Exercise
Taking only the lines of the data below from the line with "Includes: Tall Counter, counter, table, stool, plant, statue." to the line with "4. На экране", ends included, write them out exactly and without pictures.

Dataset excerpts section start

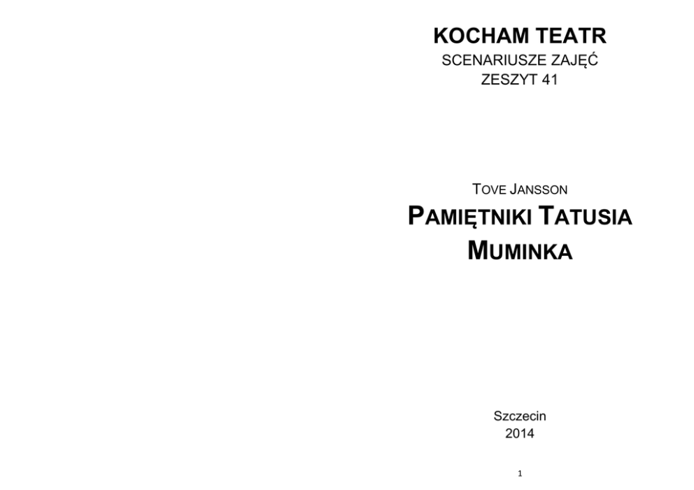 KOCHAM TEATR SCENARIUSZE ZAJĘĆ ZESZYT 41 TOVE JANSSON PAMIĘTNIKI TATUSIA MUMINKA Szczecin 2014 1 Skład i opracowanie: Paweł Wójcik Wydawca: TEATR LALEK „PLECIUGA” Pl. Teatralny 1 71-405 Szczecin tel.: 91/44 55 100 Opieka merytoryczna - doradcy metodyczni Zachodniopomorskiego Centrum Doskonalenia Nauczycieli w Szczecinie www.zcdn.edu.pl Szczecin, 2014 2 TOVE JANSSON TEATR LALEK „PLECIUGA” zaprasza widzów: • • • • • • na przedstawienia dla dzieci, młodzieży i dorosłych; do lektury gazetki teatralnej „Gabit”; na lekcje teatralne W trakcie 45 minutowego spotkania z aktorem po spektaklu można zapoznać się z niektórymi tajnikami jego pracy na scenie, zajrzeć w teatralne kulisy, zdobyć podstawową wiedzę o technikach lalkowych. na warsztaty teatralne dla grup zorganizowanych o Jeżeli chcecie poznać magiczny świat teatru, odkryć tajemnice warsztatu scenicznego, nauczyć się pracy z głosem i ciałem, zdobyć praktyczne umiejętności tworzenia lalek i elementów scenografii, zapraszamy. o Zainteresowanych nauczycieli przedszkoli, szkół podstawowych i ponadpodstawowych prosimy o kontakt telefoniczny (91/44 55 114) lub mailowy([email protected]) z Magdaleną Bogusławską. na warsztaty teatralne dla nauczycieli. PAMIĘTNIKI TATUSIA MUMINKA Spis treści: WSTĘP ......................................................................................................................4 Zeszyty metodyczne dostępne są w Biurze Obsługi Widzów TRANSPORT WODNY – BUDOWA STATKU. SCENARIUSZ ZAJĘĆ DLA UCZNIÓW KLASY II - III SZKOŁY PODSTAWOWEJ..............5 www.pleciuga.pl PAMIĘTNIK, DIARIUSZ, DZIENNIK, CO TO JEST? SCENARIUSZ ZAJĘĆ ZINTEGROWANYCH DLA KLASY III SZKOŁY PODSTAWOWEJ . 11 Teatr Lalek „Pleciuga” pl. Teatralny 1 71- 405 Szczecin tel./fax.: 91/ 433 58 04 NIEZWYKŁE MORSKIE OPOWIEŚCI, CZYLI… SCENARIUSZ ZAJĘĆ DLA KLAS 4-6 SZKOŁY PODSTAWOWEJ ................................. 15 PODRÓŻ DO PRZESZŁOŚCI. KONSPEKT LEKCJI JĘZYKA POLSKIEGO DLA KLASY PIERWSZEJ GIMNAZJUM ........ 18 91/44 55 114 22 3 Pamiętnik WSTĘP Blog Podobieństwa: Skąd się wzięły Muminki? W dzieciństwie Tove Jansson słuchała opowieści swojego wujka o pewnych zimnych trollach, które myszkowały w spiżarni. Stworki te zamieszkały na dobre w głowie młodej dziewczyny i stały się jej bliskimi przyjaciółmi. Pierwsze Muminki zupełnie nie przypominały tych, które znamy. Były bardziej podobne do Hatifnatów. Przez jakiś czas zmieniały się ich kolory i kształty, aż w końcu pisarka stworzyła wersję ostateczną i przedstawiła ją w książce Małe trolle i duża powódź. Dzisiaj Muminki należą do jednych z najpopularniejszych bohaterów literatury dziecięcej. Znają je wszyscy, dorośli i dzieci. A jeśli ktoś jeszcze nie zdążył się z nimi zapoznać, ma ku temu świetną okazję – spektakl Pamiętniki Tatusia Muminka w Teatrze Lalek „Pleciuga”. W zapowiedzi tego przedstawienia możemy przeczytać: Różnice: "Pamiętniki Tatusia Muminka", sceniczna adaptacja jednego z tomów serii "Muminki" Tove Jansson, to zabawna, wzruszająca, chwilami pełna grozy i nieco melancholijna opowieść o minionej młodości, wielkich marzeniach, pierwszych przyjaźniach i poznawaniu świata. To także historia tworzenia się domu rodzinnego i hołd temu, co każdy z nas nosi w sobie i pielęgnuje: wspomnieniom. Na pewno nikt się nie będzie nudził, oglądając ten spektakl. Oprócz wartkiej akcji i pełnych wzruszeń momentów, zachwyci nas też muzyka (żwawe szanty w wykonaniu aktorów) oraz lalki Muminków, które wyglądają jak wyjęte z czarno – białego telewizora. Naprawdę warto pokazać tę sztukę dzieciom w różnym wieku – od przedszkola do gimnazjum. Mamy nadzieję, że propozycje scenariuszy zajęć zamieszczone w tym numerze Zeszytu Kocham Teatr będą inspiracją do twórczych działań i zachęcą Państwa do zaproszenia Muminków na ciekawą lekcję. - Podsumowanie (2 min.) - Lidia Wasilewska - nauczycielka języka polskiego w Szkole Podstawowej nr 54 w Szczecinie Na podstawie zebranych informacji uczniowie udowadniają, podając odpowiednie przykłady, że obejrzany spektakl zrealizowany na podstawie książki T. Jansson spełnia cechy pamiętnika. (4 min.) Uczniowie wyjaśniają, czego dowiedzieli się na lekcji. Zadanie domowe (1 min.) Na postawie poznanych zasad zredaguj trzy kartki pamiętnika wybranej postaci spektaklu. Opracowała Anna Pawłowska 4 21 Zebrane informacje zapisane zostają w tabelce (10 min.) SCENARIUSZ ZAJĘĆ DLA UCZNIÓW KLASY II - III SZKOŁY PODSTAWOWEJ Pamiętnik Dziennik Podobieństwa: Blok tematyczny: „Rodzaje transportu” Temat: Transport wodny – budowa statku. Cele ogólne: - rozbudzanie wyobraźni, - rozwijanie umiejętności manualnych. Różnice: Cele operacyjne: Dziecko: - wie, jak zachować się w teatrze i co to znaczy świat fikcyjny, - wypowiada się samodzielnie na dany temat, - wyodrębnia elementy scenografii, środków scenicznych, - omawia treści zawarte w sztuce teatralnej, - określa cechy charakteru bohaterów, - wyodrębnia przebieg wydarzeń, - omawia grę aktorów, - wyodrębnia wskazane słowa podczas spektaklu, - poznaje znaczenie słów: autokrata, wagabunda, barometr, sterówka, reling, wodowanie, kotwica, - poznaje nowe słowa w języku angielskim, - umie wymawiać, zapisać i stosować w praktyce nowopoznane słowa w języku angielskim, - uzupełnia dorysowując brakujące elementy na rysunku, - poprawnie przepisuje tekst, - gra w gry dydaktyczne, 20 5 - wykonuje pracę plastyczno - techniczną korzystając ze swojej wyobraźni, Co było słabą stroną przedstawienia? - rozwiązuje zadania tekstowe, O czym opowiadał spektakl? - potrafi współpracować w zespole, Część właściwa (32 min.) - tworzy kartę z pamiętnika. Metody: • Uczniowie podają przykłady, w jaki sposób można wrócić do przeszłości • Burza mózgów: - mini wykład, Uczniowie do wyrazu
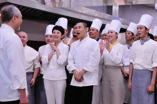 厨师们在厨房中开心工作
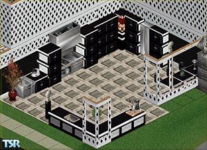 Includes: Tall Counter, counter, table, stool, plant, statue.
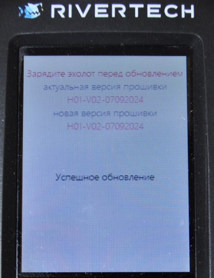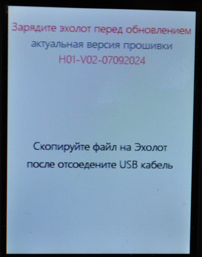 4. На экране эхолота будет указана актуальная прошивка, и надпись – «Скопируйте файл на Эхолот, после отсоедините USB кабель»
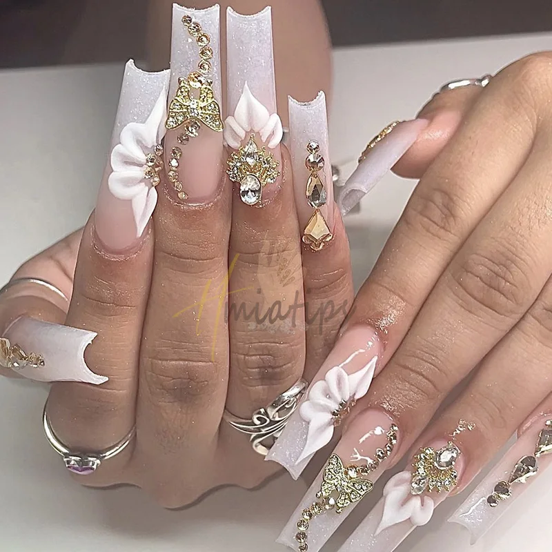 these are perfect for a quick acrylic design without using actual acrylic I love them theybare small in size not suitable for a XXL or xxxl nail unless you use several on one nail itself. only 5 pieces too. but totally affordable and so worth purchasing. these also shipped in a timely manner I was surprised to get a week later if not sooner than that.
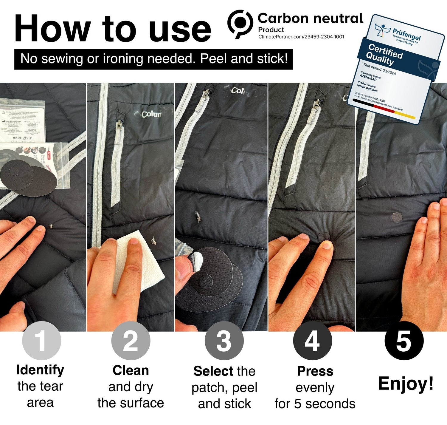 aZengear Down Jacket Repair Patches keep your outdoor gear in use with fast, no‑sew fixes. They are waterproof, self‑adhesive and built to handle everyday damage on jackets, puffer coats, ski wear, tents, sleeping bags, backpacks, upholstery and shoes.
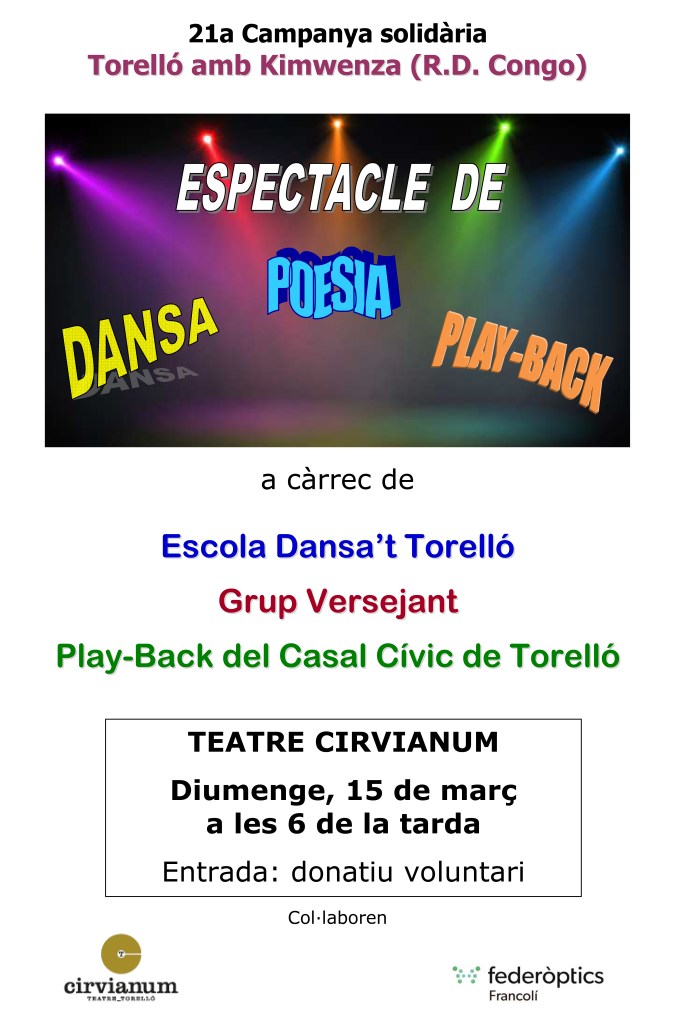 Aquest diumenge 15 de març, a les 6 de la tarda, tindrà lloc l’Espectacle de dansa, poesia i play-back a favor de la 21a Campanya Solidària Torelló amb Kimwenza (RD Congo), a càrrec de l’Escola Dansa’t Torelló, del grup Versejant i del grup de Play-back del Casal Cívic de Torelló.

Dataset excerpts section end

Answer to this task
 Includes: Tall Counter, counter, table, stool, plant, statue.
 4. На экране эхолота будет указана актуальная прошивка, и надпись – «Скопируйте файл на Эхолот, после отсоедините USB кабель»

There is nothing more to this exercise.